A SAF of 17.24% would be devastating for the tens of thousands of elderly low- and moderate-income rent controlled tenants in New York City. According to the 2002 Housing and Vacancy Survey, rent controlled tenants continue to maintain the lowest average income of any group of renters in the city, earning a median household income of only $20,120 in 2001. The vast majority of rent controlled tenants, who have a median age of 68 and on average already pay a greater percentage of their incomes for housing than any other group of residents, do not have incomes that have been able to keep pace with previous rent increases of 7.5% a year. Many of these tenants have already seen their rents more than double in recent years due to SAFs significantly higher than the consumer price index along with repeated MCIs. I fear that a SAF of 17.24% will make it impossible for many rent controlled tenants to pay for essential goods, and will place many of our city’s most vulnerable residents in danger of eviction.
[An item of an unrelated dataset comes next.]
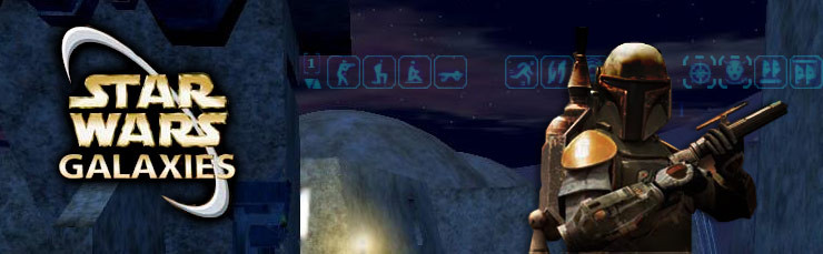 | by Michael Moore A long time ago in a galaxy far far away... Well more like two months ago in this galaxy, Star Wars Galaxies was released. Currently Galaxies has over 275,000 registered users, making it second largest subscription online game in the US, behind Everquest. Galaxies starts off by having you pick a server, then you pick a name which cant be the same as anyone else on the server even if the surname is different (thats just a little peeve of mine.) After that you get to pick your characters race. Each race has its own strengths and weaknesses. For example Wookiees cant wear armor and can only take in Shyriiwook language, but they are powerful hand-to-hand fighters due to their size, and also start off with a lot of hit points. Then you get to pick a starting profession, there are five starting profession (marksman, artisan, entertainer, scout, and brawler.) Each job has its own attributes that affect your stats, just like your race did. As you play the game you get experience which you use towards learning new skills. You can learn this skill from NPC trainers who will charge you a fee, or from other players. Once you learn a certain skill or skills, you can learn a higher profession. Like if you learn one-handed sword specialist, you can then become a fencer. These higher professions have their own skill trees that you can follow like the starting professions did. The difference is that these professions are the ones that will distinguish your character and also make them a lot better or stronger. After youve completed your characters appearance and picked a starting job youll get a little walk through tutorial of the controls of the game, and how to do certain things. The tutorial is very helpful, especially for those of you like me who dont read the manual. The main part of the tutorial is teaching you the games circle menu system. The basic premise of it is that when you click and hold on an NPC, another player, or any other object, a circle will appear around them and various buttons will appear on the circle. These buttons being different actions you can do involving the object or person. Things like attack, converse, sit, pick up, etc. The menu is pretty simple, and a nice little feature, but is kind of a nuisance when youre trying to use it on a moving target, like wild animals and such. So you should learn the keyboard controls since its a lot faster to target and get things done through the keyboard then it is through the circle menu. So now you have a character, a server, and you mastered the menus, now what? Well thats up to you. The game is completely wide open. You go hang out in the cantina and listen to musicians or be one, you can join a guild, or make your own. There are endless possibilities really. Ok here is the important part of this review, Galaxies is fun, but at times it can become kind of tedious. With the marksman and brawler professions, youll find yourself running around doing destroying missions where you take out a wild animal nest. They are good money, but there are only so many times you can take out a scavenger rat nest. Artisan is probably one of the hardest professions. When the game first started it was a race between artisans to see who could make the best and newest stuff, since people were willing to pay top dollar, then a few days later all the prices dropped through the floor since everyone could make it. Recently though they added some nice features for the artisan so that you arent making 500 rifle add-ons so that you can get the experience to learn engineering 4. They added a practice option to crafting items, where you use the materials but dont actually produce some. This is good for everyone since it now the bazaar isnt filled with thousands of the same useless item. There are also now mission terminals for entertainers, artisans and explorers. So that then can earn money while gaining experience towards their profession. Now Galaxies was my first MMORPG, and think its a good starting one for people who want to start playing them, but its not really for the casual player. You need to go on the game at least once a day to really get anywhere in the game. Even though I really did enjoy this game, I still think there are a few problems that they need to fix. Some cities are just way too big, and because they are so big the game lags

While it is reasonable to expect rent controlled tenants and landlords to share the burden of increased operating costs, this burden must reflect real, rather than inflated costs, and should be shared in proportion to each group’s ability to pay. I believe a SAF of 17.24% will overcompensate the vast majority of owners of rent controlled units for the increased operating costs incurred. Building owners can legitimately claim that their operating expenses have risen significantly during the last year due to the rising property tax rates and the costs of insurance and fuel. At the same time, the rent regulated real estate market continues to be one of the most consistently profitable in New York City. This sector of NYC’s real estate market remains so strong that even after the recent rise in operating expenses, Crain’s New York Business described it on May 5th, 2003 as “one of the hottest segments of the New York real estate market…the stock market is volatile, and the commercial real estate market is too risky for many investors. Refinancing is cheap. Rent Regulated buildings offer a consistent return.”
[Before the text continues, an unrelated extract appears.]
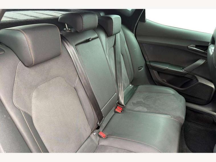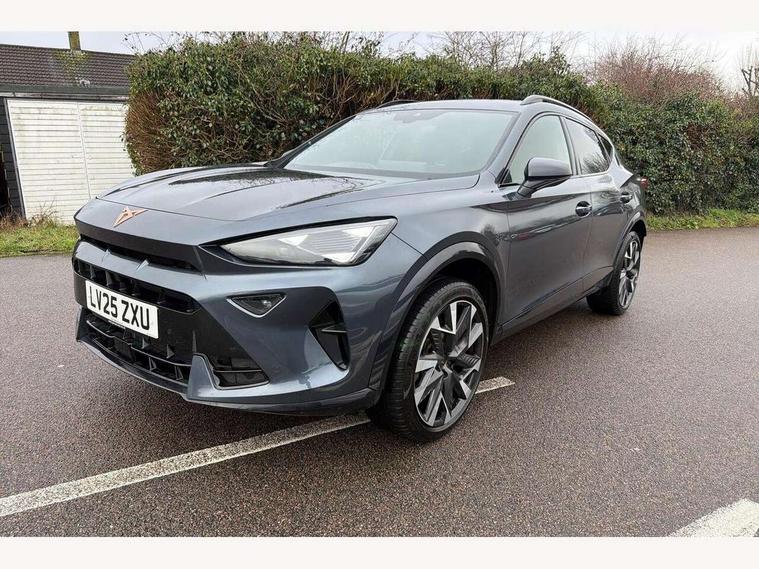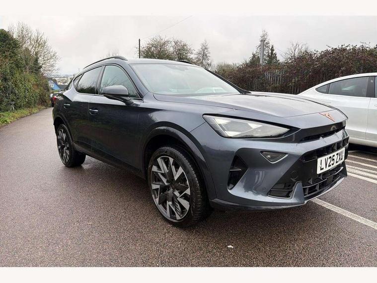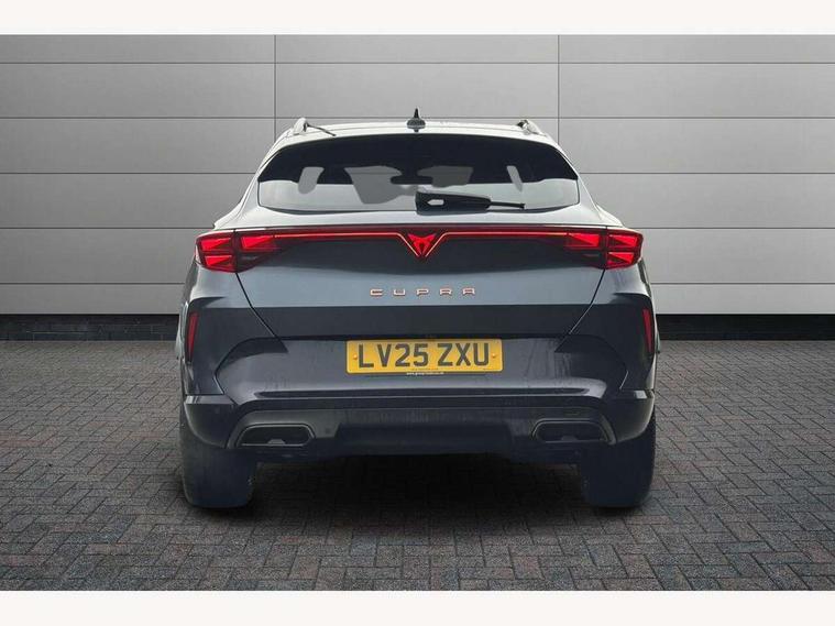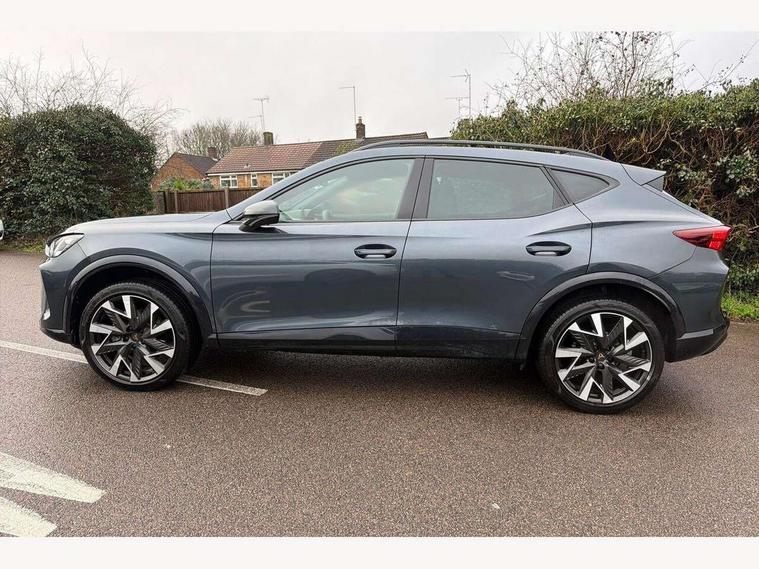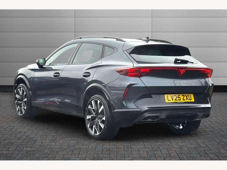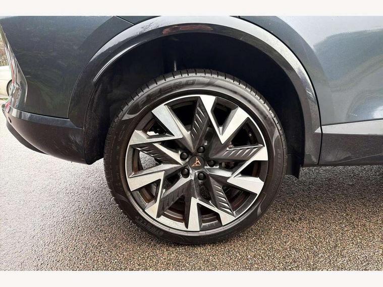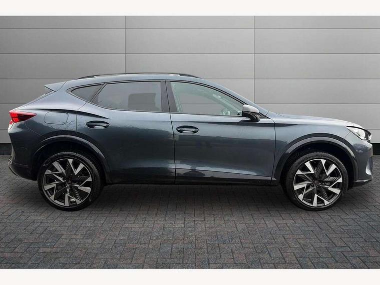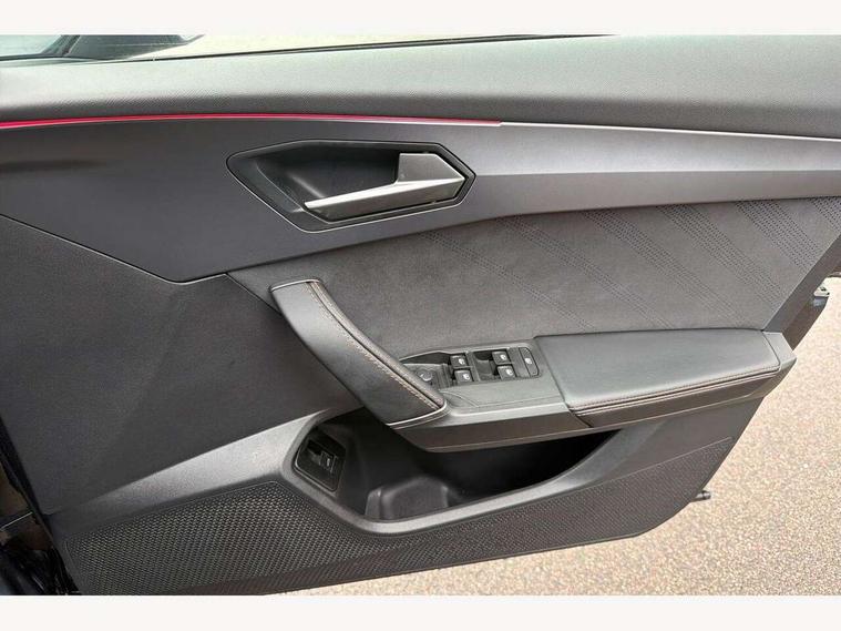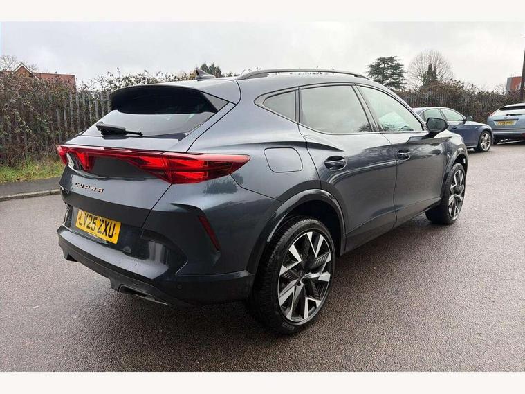 10.25" digital cockpit and configurable dashboard, Adaptive cruise control with follow-to-stop and speed limiter, Advanced driver alert system, Driving profile selection, Dynamic road sign display, Emergency steering support with turn assist, Forward collision warning with automatic braking, Front and rear parking sensors, Full link phone integration, Lane assist, Progressive steering, Rear view camera, RPM, trip computer, outside temp gauge, instrument light brightness, low fuel warning light, lights on reminder, gearshift indicator, Service interval indicator, Start/stop system with regenerative braking, Virtual pedal and electric tailgate, Voice control system, Wired Android Auto, Wireless apple carplay, Wireless phone charger, CUPRA sport suspension, Electronic locking differential and dynamic traction support, 2 front and 2 rear USB type C sockets, Media system with navigation, 12.9" touchscreen display, voice control, DAB, steering wheel mounted controls, Auto dimming rear view mirror, Body colour door handles, Body coloured bumpers, Dark grey wing mirror, Daytime running light with automatic headlight control and coming home feature, Door panel ambient lighting, Dynamic headlight range control, Electric front/rear windows, Electrically adjustable heated and folding door mirrors with memory function, Gloss black roof rails and window surrounds, High beam assist, LED 3rd brake light, LED front fog lamps with cornering function, LED Headlights, LED Taillights with dynamic indicator, Rain sensing wipers, Rear diffuser with black simulated exhaust pipes, Rear fog lights, Rear side wing doors, Rear wash/wipe, Tinted rear windows, Welcome lights (within exterior mirror housing), 12V socket, 2 front and 2 rear reading lights, 3 seat bench in 2nd row, 60/40 split rear bench seat with armrest and mechanical seat release, Black headlining, Black interior roof lining, Cupra sports pedals, Dust/pollen filter, Electrically adjustable driver's seat with memory and lumbar support, Front and rear head restraints, Front centre armrest, Heated front seats, Heated supersports multifunction leather steering wheel with satellite buttons and gear shift paddles, Height/reach adjust steering wheel, Illuminated aluminium doorsteps, Illuminated interior front door sills, Illuminated sunvisor with mirror, Isofix, Leather dashboard, door insert and side trim panel, LED smart wraparound lighting, PVC/Dinamica microfiber upholstery + bucket seats, Satellite steering wheel, Single front passenger seat, Storage pockets on rear of front seats, Three zone climate control with control panel in rear, Variable luggage/load compartment floor, 3 point seatbelts on all rear seats, ABS, Brake control system - ESC and brake booster, Child proof door locks, Driver and front passenger airbags with front passenger airbag de-activation, Electronic parking brake, Front and rear disc brakes, Front side curtain airbags, Hill hold control, Public e-call, Seat belt reminder for front and rear seats, Tyre pressure monitoring system, Anti theft alarm system, KESSY Advanced - Keyless start, keyless entry with SAFELOCK, Locking wheel bolts, Copper and aluminium interior detailing, 19" Sandstorm machined sport black and silver alloy wheels,

Owners of rent regulated buildings have done extremely well during the past decade. According to the Rent Guidelines Board’s 2003 Income and Expense Study, owners’ Net Operating Income (the amount of income remaining after all operating and maintenance expenses have been paid) has risen almost every year since 1989. This same study reveals that owners’ average net operating income increased by 19% from 1989 to 2001 after adjusting for inflation. The fact that insurance and tax costs have increased this year, as reflected in this year’s SAF and the RGB’s Price Index of Operating Costs (PIOC), must be understood in a larger historical context. The dramatic increase in Net Operating Income since 1989 suggests that both the RGB and DHCR have historically dramatically overestimated owners’ operating and maintenance costs.
Furthermore, I believe a SAF of 17.24% for the 2004/2005 MBR cycle undermines the spirit, if not the letter, of New York City’s and State’s rent control statutes. The NYC Council created the MBR system in 1970 specifically to prevent “speculative, unwarranted and abnormal increases of rent” in the context of a housing emergency in which the normal market conditions of supply and demand did not apply – conditions which continue to exist today. The City Council created the MBR system formula in an attempt to construct rent levels that protect tenants and the general welfare while permitting owners to maintain their buildings, be compensated for increased costs and obtain a return on their investments in the context of a market driven by chronic scarcity and instability. After studying the existing conditions in 1970, and exploring hundreds of possible formulas to measure investment returns and changes in operating costs, the City Council enacted the current MBR system into law. While the SAF formula may have accurately reflected owner costs and profit levels in 1970, the significant market and legislative changes that have occurred since then have made the SAF formula an anachronism that harms tenants and overcompensates landlords.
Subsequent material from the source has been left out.